On 1/3/23 03:03, Pavel Begunkov wrote:
> The series replaces waitqueues for CQ waiting with a custom waiting
> loop and adds a couple more perf tweak around it. Benchmarking is done
> for QD1 with simulated tw arrival right after we start waiting, it
> gets us from 7.5 MIOPS to 9.2, which is +22%, or double the number for
> the in-kernel io_uring overhead (i.e. without syscall and userspace).
> That matches profiles, wake_up() _without_ wake_up_state() was taking
> 12-14% and prepare_to_wait_exclusive() was around 4-6%.
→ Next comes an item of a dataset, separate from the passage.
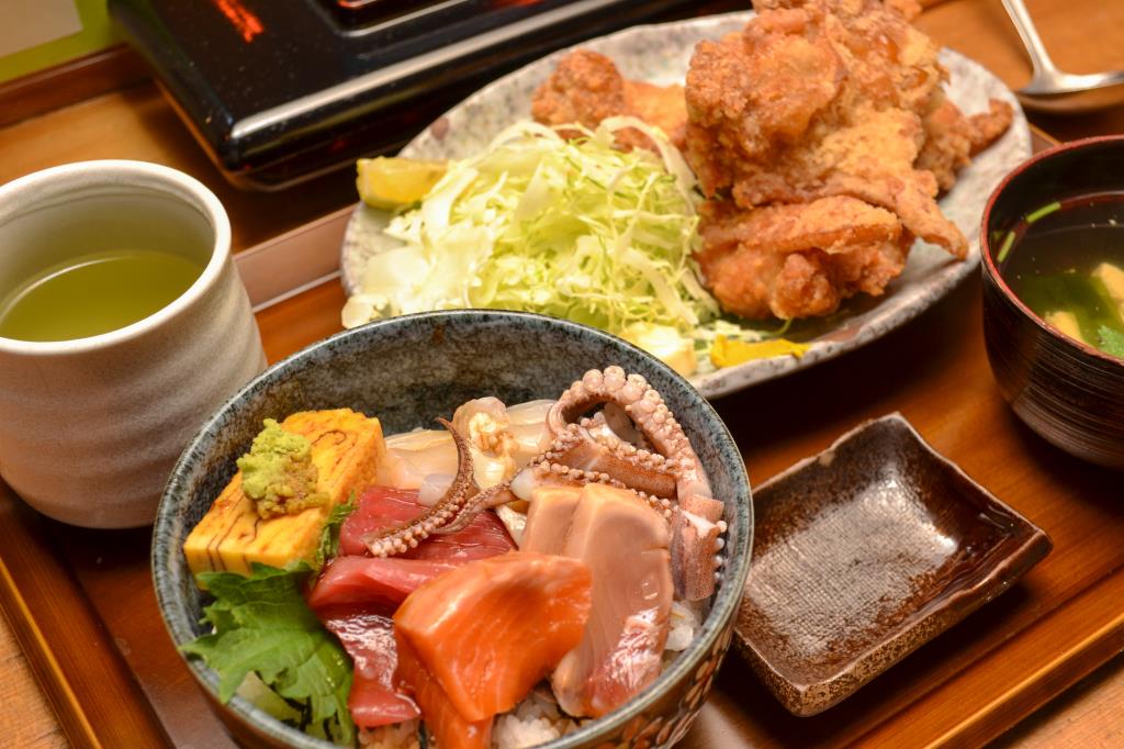 海鮮と鳥唐定食もオススメ。海鮮丼は様々なネタが丼に載っていて、それだけでも満足なのに自慢の鳥唐までついてくる満腹定食!どのメニューを試しても満足度の高い定食を召し上がれ!

The numbers are gathered with an in-kernel trick. Tried to quickly
measure without it:

modprobe null_blk no_sched=1 irqmode=2 completion_nsec=0
taskset -c 0 fio/t/io_uring -d1 -s1 -c1 -p0 -B1 -F1 -X -b512 -n4 /dev/nullb0

The important part here is using timers-backed nullblk and pinning
multiple workers to a single CPU. -n4 was enough for me to keep
the CPU 100% busy.

old:
IOPS=539.51K, BW=2.11GiB/s, IOS/call=1/1
IOPS=542.26K, BW=2.12GiB/s, IOS/call=1/1
IOPS=540.73K, BW=2.11GiB/s, IOS/call=1/1
IOPS=541.28K, BW=2.11GiB/s, IOS/call=0/0

new:
IOPS=561.85K, BW=2.19GiB/s, IOS/call=1/1
IOPS=561.58K, BW=2.19GiB/s, IOS/call=1/1
IOPS=561.56K, BW=2.19GiB/s, IOS/call=1/1
IOPS=559.94K, BW=2.19GiB/s, IOS/call=1/1

The different is only ~3.5%  because of huge additional overhead
for nullb timers, block qos and other unnecessary bits.

P.S. tested with an out-of-tree patch adding a flag enabling/disabling
the feature to remove variance b/w reboots.